Anybody who knows their politics probably knows what all that means, but if you’re anything like me, you might need a quick crash course.
Here are the three most asked questions about the goings-on in Westminster.
What is the Cabinet?
The Cabinet is the Ministerial Body of the UK Government. These 21 people, and the Prime Minister, make any decisions about policy that don’t involve the House of Commons. The Commons is where the Cabinet and the rest of the MPs that make up the Government – currently made up of the Conservative Party and the Democratic Unionist Party – debate new laws with the Opposition, which is also made up of elected MPs.

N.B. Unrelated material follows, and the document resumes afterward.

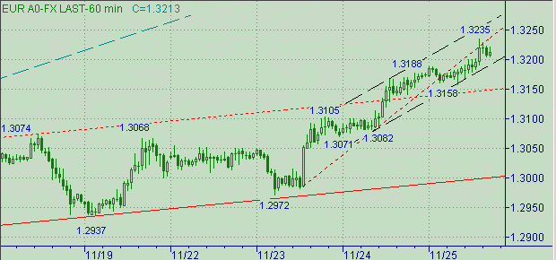 Рост курса евро/доллар продолжается и пропорционально увеличивается количество возможных вариантов этого роста с началом от 1.2972(23/11/04) (см. на рис. 3). Вот где можно применить свои способности людям с богатой фантазией. На данный момент имеем наиболее симпатичный следующий расклад: первая ветка - 1.2972-1.3105 длина 133п.; вторая - 1.3082-1.3188 длина 106п.; третья ветка началась от 1.3158 - см. на рис. 3. Структура третьей ветки не выглядит законченным движением. Хочется дальнейшего развития этого локального тренда. Целевые уровни для этого движения: 1.3265, 1.3290, 1.33220. 1.3370. Наиболее симпатичным выглядит уровень 1.3290.

Those Opposition MPs’ parties do not currently hold Governmental power through a Parliamentary majority (the Labour Party, the Scottish National Party, Plaid Cymru, Liberal Democrats, Sinn Fein, the Green Party and independents, who do not have a party). However, if the Government wishes to pass any laws, it has to pass through a vote which includes the Opposition MPs.
Cabinet Ministers are appointed and dismissed by the Prime Minister. They can, as we’ve seen, resign if they so wish.
Does this mean they’re not MPs (Members of Parliament) anymore?
Johnson has quit as Foreign Secretary and David Davis as Secretary of State For Exiting The European Union (Brexit Secretary for short). However, MPs who have resigned as Ministers can stay on as MPs. David Cameron stayed on as the Member of Parliament for Witney until two months after he resigned as Prime Minister.
MPs have a duty to their constituents to serve as their representative in the House of Commons, whereas Ministers in the Cabinet are serving the Prime Minister. They may also wish to stick around in order to have a vote on any decisions taken by the Cabinet to Parliament- decisions which Johnson and Davis may now wish to vote against.
One might wonder if an MP might prefer to stay non-ministerial, for a quiet life. An example of this is Dennis Skinner, a Labour MP who has been in Parliament for 48 years and never accepted a ministerial position. Ministers usually receive supplementary salary on top of their MP pay, and considerably more power, so resigning is not a decision to be taken lightly. However, after stepping down as MP Cameron was able to pursue a new career in publishing and public speaking, as many Prime Ministers have done before him.
What will happen next?
No one can say. Prime Minister Theresa May has to retain control of the Government in order to achieve her goal of exiting the European Union, but to do so she must keep the trust of her Party. Many people inside and outside her party will now be calling for a general election to be called as the pressure mounts on May’s cabinet. Her supporters meanwhile will say that as Brexit must be delivered on a short timescale, it is not the time for political upheaval. As with anything in politics, only time will tell.
For live updates, try the BBC’s breaking news feed.
Editor’s Note: The previous version of this article stated that David Davies had resigned, when the name of the Minister who resigned is in fact David Davis. Confusingly, David Davies is another Conservative MP with only a very slightly different name.